I've taken a break over Christmas. We have had quiet days, lazy mornings and pretty much pleased ourselves. Having a break from everything gave me a chance to forget. A chance to not cry about how lost and lonely I am. A time of no expectations and to just be. That can't last though and tomorrow real life begins again.
A new year is a new milestone. Another time ticked off by which I thought I would be better. My care coordinator is keen for a meeting to reassure me about church. He says it is a big part of who I am. Unfortunately I feel it is a big part of who I was. I am not her anymore.
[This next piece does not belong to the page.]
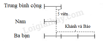 Ví dụ 3: Khánh có 20 viên bi, Bảo có 31 viên bi. Nam có số bi ít hơn trung bình cộng của cả ba bạn là 5 viên bi. Hỏi Nam có bao nhiêu viên bi?

She died. She's gone. I'm not sure that's a good thing.
Pretty much exactly 5 months after my last church attendance I returned today. Since my last time I had only seen 3 people from the congregation face to face. People who live in my town. Who I've seen at least twice a week for years, I'd seen so few of them. Children had grown. Newborn babies now starting to move. Barely bumps now earth side. There were a few new faces too. We decided to go today because we had been invited for Sunday lunch by a couple from church. The sweet, kind hearted, godly doctor who was on duty the weekend I was first taken to hospital. I didn't give myself a choice this morning. I'd set up an excuse not to go for lunch already. Our car was broken. It was true, it was, but I knew it would be fixed in time to go. So I got up and we went. I'd spoken with my counsellor about not feeling it was my home any longer. That I wasn't part of the fellowship anymore. That physically I didn't know where to sit. Our usual seats, middle,front, with ...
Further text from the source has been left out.